For Readers Who Enjoyed
If King Sorrow captivated you, consider these similarly ambitious works:
- The Historian by Elizabeth Kostova – Another novel that blends historical research with supernatural horror and spans multiple timelines
- The Library at Mount Char by Scott Hawkins – Features a group bound by supernatural bargains with dark consequences
- Mexican Gothic by Silvia Moreno-Garcia – Combines gothic horror with social commentary and historical depth
- The Ninth House by Leigh Barducci – Explores the moral compromises of secret societies with occult power
- The Southern Book Club’s Guide to Slaying Vampires by Grady Hendrix – Examines how ordinary people rationalize and combat extraordinary evil
Final Thoughts
King Sorrow confirms Joe Hill’s position as one of horror’s most thoughtful practitioners, a writer unafraid to use genre conventions to explore complex moral terrain.
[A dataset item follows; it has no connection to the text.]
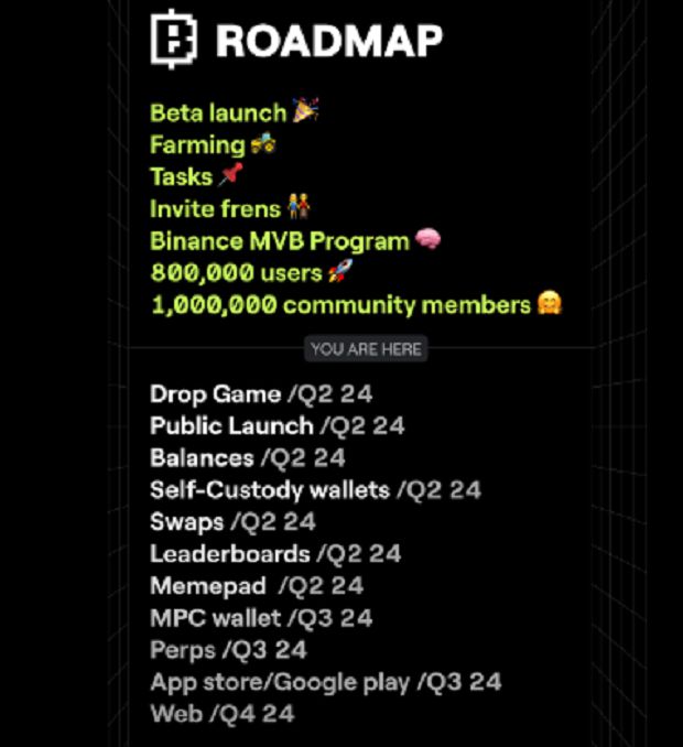 پروژه بلوم قصد دارد در سه ماهه سوم سال 2024 میلادی، اپلیکیشن موبایلی و کیف پول ام پی سی – MPC خود را عرضه کند و در سه ماهه پایانی سال نسخه وب خود را راه‌اندازی نماید. در تصویر فوق نمایی از Roadmap بلوم را مشاهده خواهید کرد که برخی از اهداف تا امروز تحقق یافته‌اند.

It’s a novel that will linger long after the final page, its questions and images refusing easy dismissal. Like the best horror, it holds up a dark mirror, forcing us to examine what we might sacrifice, what compromises we might make, if the price seemed right and the consequences distant enough.
The dragon is real. The dragon is us. And King Sorrow knows we’ll always, eventually, make the deal.